Щурясь на яркий экран, запустил дневник. «День четвёртый». Пальцы плохо слушались, глаза не привыкли. «А что писать? Что же?» Случилось бы хоть что-нибудь, он бы написал. Но ничего не случилось. Совсем. Он перечитал предыдущие записи. Вчера уронил стакан. Сегодня даже этого не произошло. Задумался. Вышел из-за стола и подошёл к чайнику. Взял и бросил на пол стакан. «Ну вот, — подумал, — сегодня снова уронил стакан». Вернулся к ноутбуку и записал: «Сегодня разбился ещё один стакан. Но то же самое уже было вчера». Вернулся к чайнику.
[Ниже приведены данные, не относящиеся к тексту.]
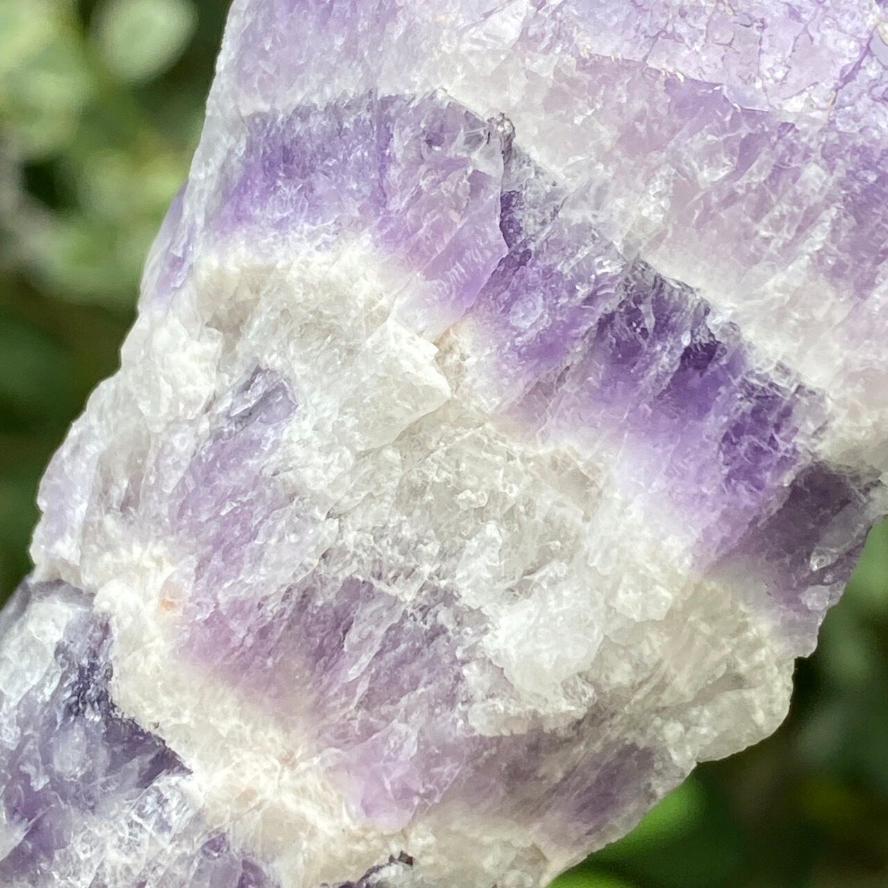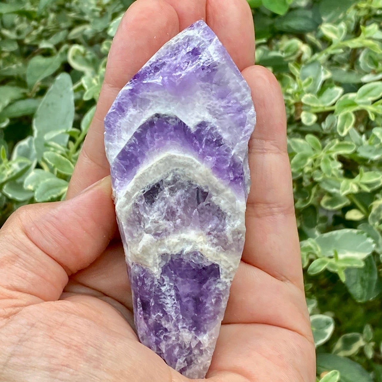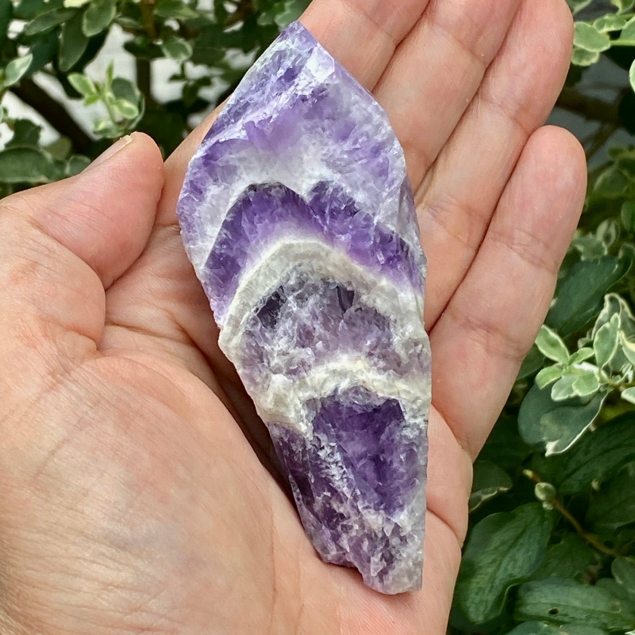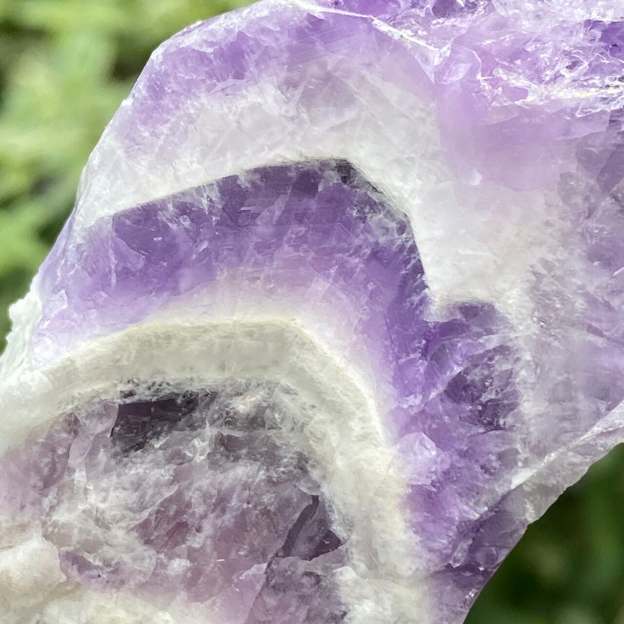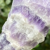 ドリームアメジストはアメジストの紫とミルキーなホワイトクォーツの白いバンディング(縞/帯状の模様)から成り、その特徴的な山型のモチーフがリピートされたシェブロン柄に似ているために、シェブロンアメジストとも言われています。
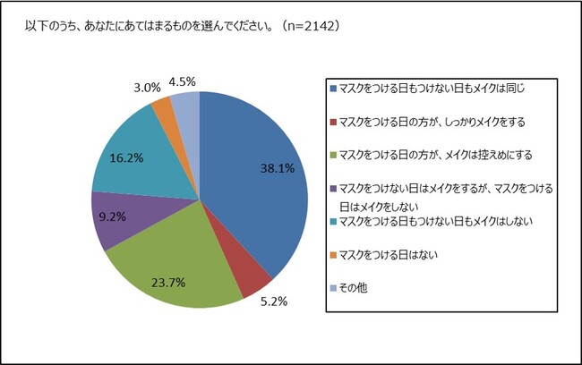 3. マスクをつける日のメイク、「普段と同じ」約4割。「メイクは控えめ」約2割。「メイクはしない」約1割。
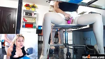 White high heels office fun with squirting on the floor | LIVE ON blondikva.hot4cams.com
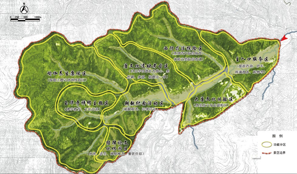 规划通过日本奈良药师寺的玄奘文化分析,提出以玄奘文化为核心亮点,以佛教文化和大唐文化为突破口,融合玉华山千年积淀的佛教文化和奇秀的自然景色,将玉华山打造成独具特色的第五大佛教名山、中外佛教文化的交流中心、玄奘文化的最佳体验圣山,成为以生态和文化全景式特色体验的国际宗教文化旅游目的地。
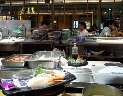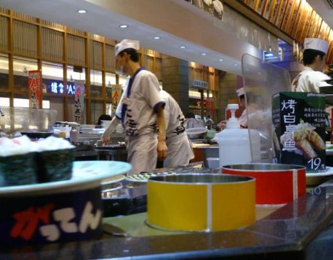 - ...有单人或双人套餐,然回转寿司的正确打开方式当然是要坐在回转台边看着美食排着队向你走来等你翻牌子
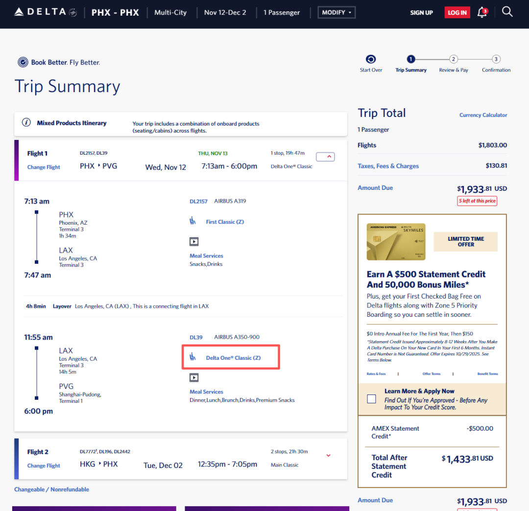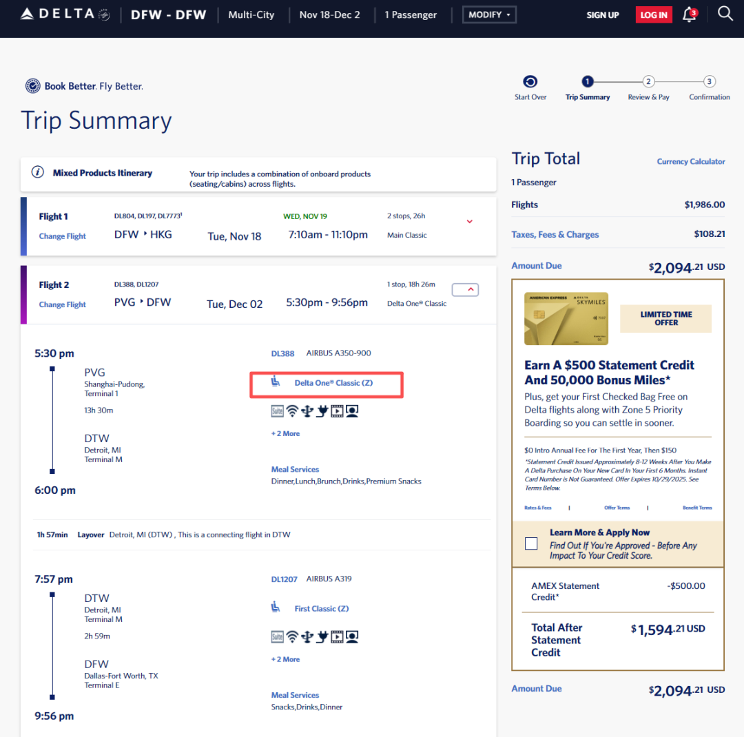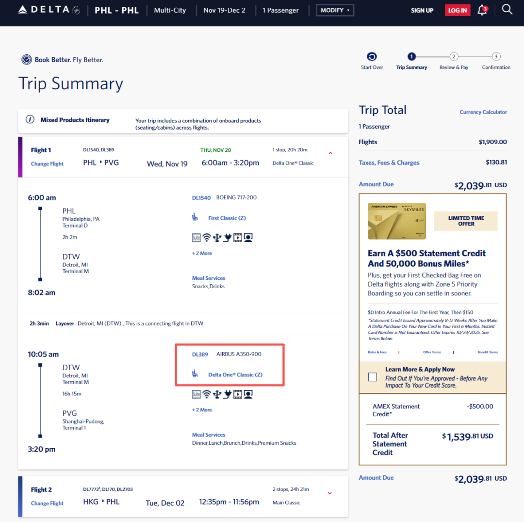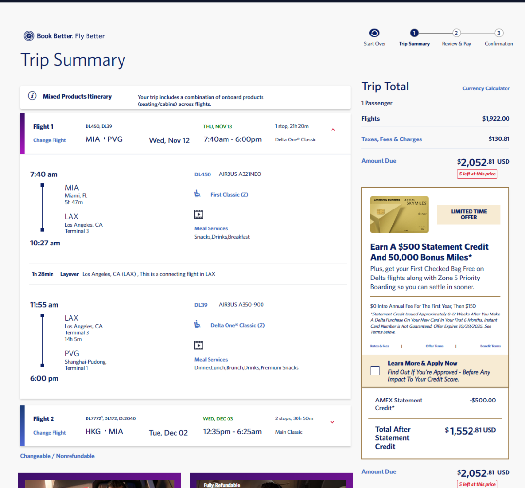 3)这张票在达美官网可以出,也建议在达美官网出~ 因为可以用上delta 礼卡、AMEX offer(如有)、delta ecredit等。但达美官网有个问题:经常只能出自己的代码共享的航班,这会导致价格上涨。此时,可考虑联系达美电话客服通过报航班号的方式订票。

Задумчиво посмотрел на оставшиеся два стакана. «Если я разобью ещё один, нам будет неудобно пить чай», — перевёл взгляд в темноту, которая скрывала его попутчика. «А если я ничего не напишу, тогда и этот день будет таким же, как вчерашний».
Алан сел перед ноутбуком и уставился на белый, пустой экран с дневником. Мигал курсор. Неожиданно экран погас, дёрнул мышку, изображение вернулось. «Всего четвёртый день, а я уже раскис, как тряпка», — подумал он и закрыл ноутбук. Откинулся на диване. Зажмурился.
«А если мы не вернёмся? Новые двигатели. Очень быстрые двигатели. Ни у кого таких нет. А если мы не вернёмся? А если…»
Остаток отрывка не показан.